Minister defends using TV footage to promote crackdown on illegal workers as critics call it ‘performative’

Good morning. Politicians like to claim that they are completely different from their opponents, because to win elections they need dividing line issues, but in truth the similarities can be striking too, because they end up facing the same challenges, and the electorate does not change much either. This Labour government is not the same as the last Conservative one. But at times it has sounded like Rishi Sunak (it adopted his signature anti-smoking legislation wholesale), Liz Truss (ministers constantly stress that growth is the number one priority) and even Boris Johnson (after the negativism of last year’s budget, there is a pivot towards more optimism). And today it it is sounding a bit like Theresa May in her “hostile environment” phase as home secretary.

The Home Office has embarked on a publicity blitz to show that it it beefing up efforts to catch people who are working in the UK illegally and to deport people who should not be in the country. This is not just policy; it involves ‘show not tell’ communications. As Pippa Crerar, Diane Taylor and Peter Walker report:

Yvette Cooper, the home secretary, is expected to join an early morning raid this week targeting illegal working, while the government will broadcast footage of deportations, a number of them involving foreign criminals, from detention to removal centres and on to waiting planes …

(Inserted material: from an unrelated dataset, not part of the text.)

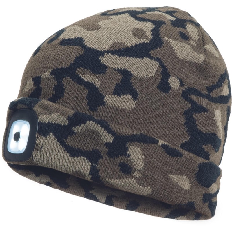 DEEL marki Cerva to wygodna zimowa czapka z lampką w kolorze zielony moro. Idealna do pracy, na wyprawy leśnie i do innych zastosowań. Wysokiej jakości dzianinowa czapka ze zintegrowaną lampą LED

Downing Street is planning to go beyond simply taking the fight to Reform. “We don’t think it’s enough just to look strong on migration, we actually need to be strong. We’ve done really well on returns but people say they don’t believe it, that if it was true they’d see it on the news,” a source said.

This sort of approach is contentious in liberal circles (which may be part of the appeal in No 10, where Labour figures are worried a lot more at the moment about losing votes to Reform UK than losing votes to the Liberal Democrats and the Greens) and the Refugee Council has criticised the Home Office for the way it is publicising what it is doing. Enver Solomon, its chief executive, told the Independent:

It was not long ago that hate-filled mobs attempted to burn refugees alive in a hotel,. Communities are still healing from the appalling violence last summer, so the government should not risk driving up mistrust by using performative tactics that play into negative and dangerous narratives about immigration.

The public want a system that is orderly and controlled but also compassionate. That includes returning people without a right to be in the UK, but doing so in a dignified way instead of melodramatic television footage that will not build trust in government.

Angela Eagle, the minister for border security and asylum, has been doing an interview round this morning and she defended that the government is doing. Asked whether the policy was line with Keir Starmer’s previous pledge in opposition to create an immigration system “based on compassion and dignity”, Eagle replied:

I don’t believe for one minute that enforcing the law and ensuring that people who break the law face the consequences of doing that, up to and including deportation, arrest, is not compassionate. We have to have a system where the rules are respected and enforced.

She also defended the Home Office releasing pictures and footage of immigration raids and deportations:

It’s important that we show what we are doing and it’s important that we send messages to people who may have been sold lies about what will await them in the UK if they get themselves smuggled in.

They are more likely to be living in squalid conditions, being exploited by vicious gangs.

It’s important that we get those realities across and it’s important that that’s done in imagery as well as words.

There will be more on this as the day goes on. Here is the agenda for the day.

11.30am: Downing Street holds a lobby briefing.

Afternoon: Farmers hold a rally in Westminster to protest about the extension of inheritance tax to cover farms.

2.30pm: John Healey, the defence secretary, takes questions in the Commons.

After 3.30pm: MPs debate the second reading of the border security, asylum and immigration bill.